Please output exactly the lines below, starting at the line that has "PN풍년이 김동연 관련주로" and ending at the line that has "This duo snap", both included; leave out all pictures and include nothing else.

INPUT DATA section start

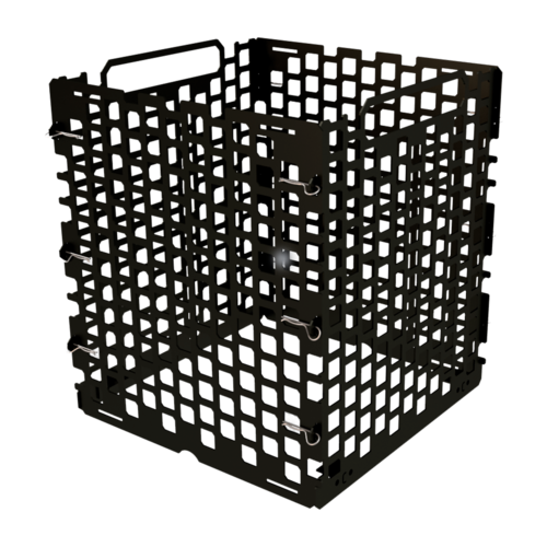 Изделие состоит из 4х стальных частей. Конструкция предусматривает быструю сборку за счет пазовых соединений отдельных стенок между собой и дополнительную фиксацию при помощи фиксаторов.
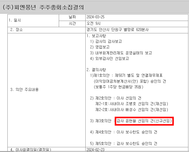PN풍년이 김동연 관련주로 분류되는 이유는 감사 최상훈 씨가 덕수상업고등학교, 국제대 동문으로 알려져 있기 때문인데, 감사 윤현철 선임의 건이라는 내용이 파악되면서 김동연 정치 테마주로 엮일 수 있었던 최상훈 감사 해임으로 관련주에서 제외가 되었기 때문에 하락한 것이라 판단한다는 의견이 있음.
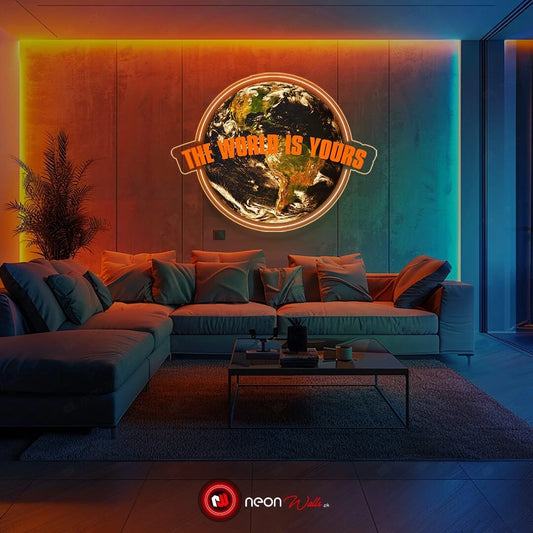 The World is Yours - UV LED Neon Sign - Motivational Wall Decor
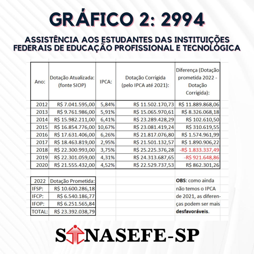 Infelizmente, o IPCA de 2021 não foi considerado, ou seja, a situação apresentada na planilha pode ser ainda mais desfavorável do que está descrito em cada aba. Considerando o orçamento para o funcionamento do IFSP (código 20RL), a dotação prometida para 2022 aos 3 IFs é praticamente metade do que foi dotado em 2014 para um único IF no estado de São Paulo e, no máximo, resgate do orçamento de 2017. Analisando o orçamento para a Assistência Estudantil do IFSP (código 2994), a dotação prometida para 2022 aos 3 IFs é praticamente a mesma de 2020, ou seja, nenhum aumento significativo.
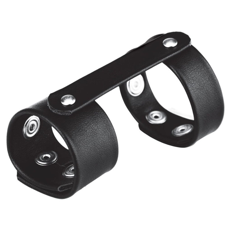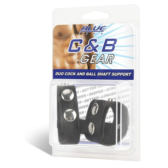 This duo snap cock and ball ring provides sexual stimulation, with additional support from reinforced shaft strap. Larger ring fits around the cock and balls. The small ring supports only the penis. Last longer and experience harder erections.
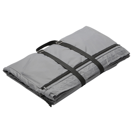 - The 3 in 1 Adventure Blanket is the best companion on any type of adventure or travel. Unfolded the blanket is oversized at 60" by 70" with a warm fleece lining and a waterproof exterior. This blanket also functions as a poncho. Simply pull out the hood from the pocket compartment and tighten the drawstrings to fit. The blanket can also be used as a sleeping bag by snapping up the front and bottom of the blanket together. Blanket measures 20" x 8.5" folded. Free embroidery run charges on up to 10,000 stitches.
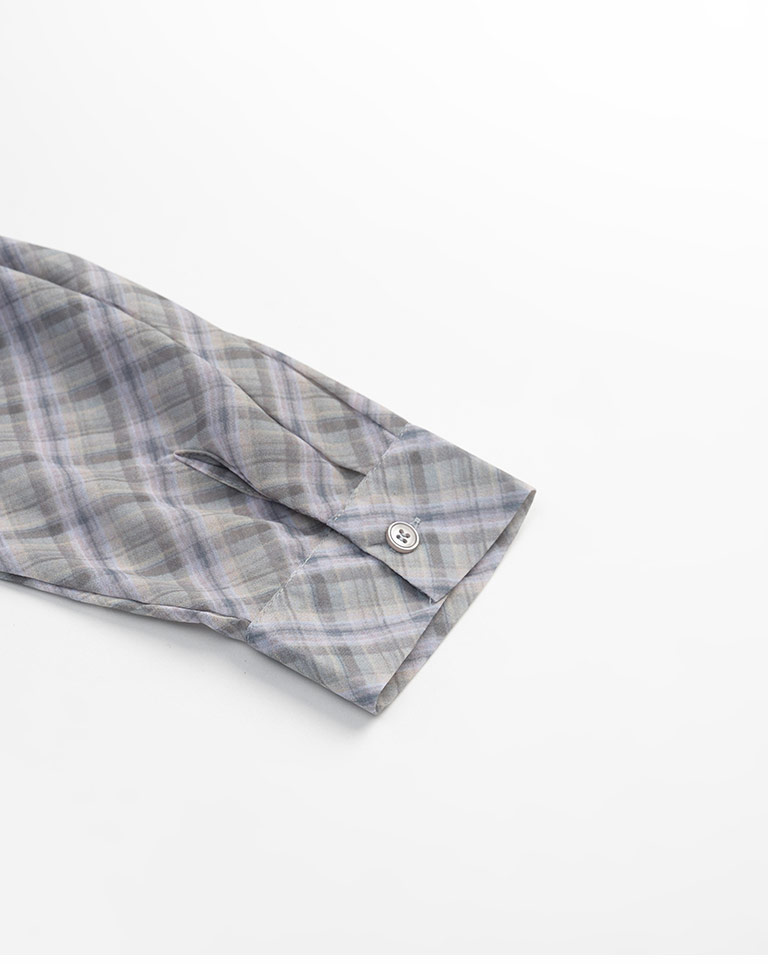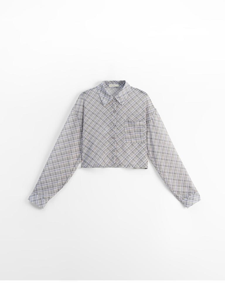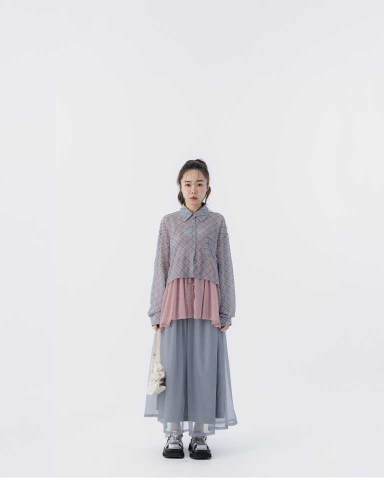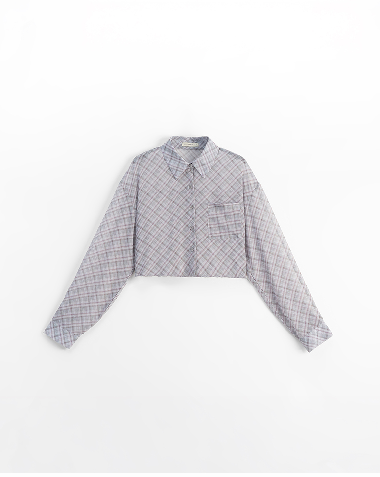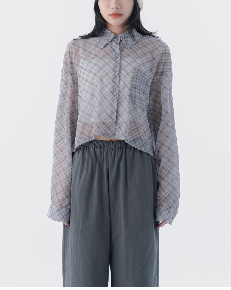 格紋透膚長袖短版襯衫

INPUT DATA section end

ANSWER SECTION ▸
PN풍년이 김동연 관련주로 분류되는 이유는 감사 최상훈 씨가 덕수상업고등학교, 국제대 동문으로 알려져 있기 때문인데, 감사 윤현철 선임의 건이라는 내용이 파악되면서 김동연 정치 테마주로 엮일 수 있었던 최상훈 감사 해임으로 관련주에서 제외가 되었기 때문에 하락한 것이라 판단한다는 의견이 있음.
 The World is Yours - UV LED Neon Sign - Motivational Wall Decor
 Infelizmente, o IPCA de 2021 não foi considerado, ou seja, a situação apresentada na planilha pode ser ainda mais desfavorável do que está descrito em cada aba. Considerando o orçamento para o funcionamento do IFSP (código 20RL), a dotação prometida para 2022 aos 3 IFs é praticamente metade do que foi dotado em 2014 para um único IF no estado de São Paulo e, no máximo, resgate do orçamento de 2017. Analisando o orçamento para a Assistência Estudantil do IFSP (código 2994), a dotação prometida para 2022 aos 3 IFs é praticamente a mesma de 2020, ou seja, nenhum aumento significativo.
 This duo snap cock and ball ring provides sexual stimulation, with additional support from reinforced shaft strap. Larger ring fits around the cock and balls. The small ring supports only the penis. Last longer and experience harder erections.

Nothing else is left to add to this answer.